Baked ricotta and figs. Once the ricotta is ready and out of the oven, leave it for a few minutes to chill and then drizzle honey on it. Place the bay in a roasting tray, pick over the oregano and sit the ricotta on top. Halve and scatter the figs around the cheese, finely grate over the orange zest then drizzle everything with oil and honey.
The figs are stuffed with creamy ricotta, drizzled with honey, and sprinkled with pistachios and mint. Idyllic for when you simply can't get enough figs during their short season and want to flaunt their lovely taste and texture. Figs make a great starter, so try one of our easy vegetarian entertaining ideas including lots of canapé recipes. You can cook Baked ricotta and figs using 6 ingredients and 5 steps. Here is how you cook that.
Ingredients of Baked ricotta and figs
- Prepare 100-150 g of fresh ricotta.
- It's of Zest of 1 unwaxed lemon.
- It's 4 of figs, scored into quarters.
- Prepare 1-2 tsp of orange flower water.
- Prepare of some walnuts.
- Prepare a few of drizzles of runny honey to serve.
The sweet flavour of figs also makes them the perfect pairing for tangy goat's cheese, so we have some fab recipes including baked fresh figs in filo parcels with peppered goat's cheese, figs on toast with goat's curd labneh. Put the ricotta in the centre of a clean tea towel, squeeze to get rid of some of the liquid, then transfer the cheese to a bowl, season and mix well. This sweet and savory Baked Ricotta Dip is a warm appetizer perfect for holiday parties or as a fancy football food. Fresh figs, toasty pistachios, sweet preserves, and fresh herbs and spices swim in a sea of melty cheese that's deliciously scoopable with a thick, crusty baguette.

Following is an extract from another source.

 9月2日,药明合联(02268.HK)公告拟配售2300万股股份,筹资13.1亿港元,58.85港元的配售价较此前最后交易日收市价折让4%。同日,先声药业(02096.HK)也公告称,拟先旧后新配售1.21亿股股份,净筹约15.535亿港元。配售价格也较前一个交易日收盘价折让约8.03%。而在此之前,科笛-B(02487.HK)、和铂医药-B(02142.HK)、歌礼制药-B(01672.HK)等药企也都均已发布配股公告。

Baked ricotta and figs step by step
- Heat the oven to 180C..
- Place the ricotta in the centre of a lined baking tray/ pan. Add the zest on top of the ricotta..

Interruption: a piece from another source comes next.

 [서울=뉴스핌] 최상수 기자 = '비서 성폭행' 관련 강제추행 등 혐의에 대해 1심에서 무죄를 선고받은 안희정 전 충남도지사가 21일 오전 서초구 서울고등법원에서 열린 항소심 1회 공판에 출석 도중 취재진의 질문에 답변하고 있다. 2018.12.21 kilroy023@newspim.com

- Put the figs around the ricotta. Drizzle with the orange flower water. Bake for 15 mins..
- Sprinkle the walnuts over the figs. Bake for another 5 mins..
- To serve, drizzle the honey on top and some more orange flower water if you like. Enjoy 😋.
In a large bowl, combine ricotta, lemon zest and juice, honey, chives, garlic, salt, and a generous amount of black pepper. NOTE: figs can slightly discolor the ricotta as it bakes, so I do not combine them into the mixture. Mix the fig jam into the ricotta cheese and spread evenly over the flatbreads, leaving a small margin on the edges. Cover with the caramelized onions and sliced figs. In the meantime, place the ricotta cheese, eggs, honey, sugar, vanilla paste, flour and lemon juice in a large mixing bowl and mix well, until combined and smooth.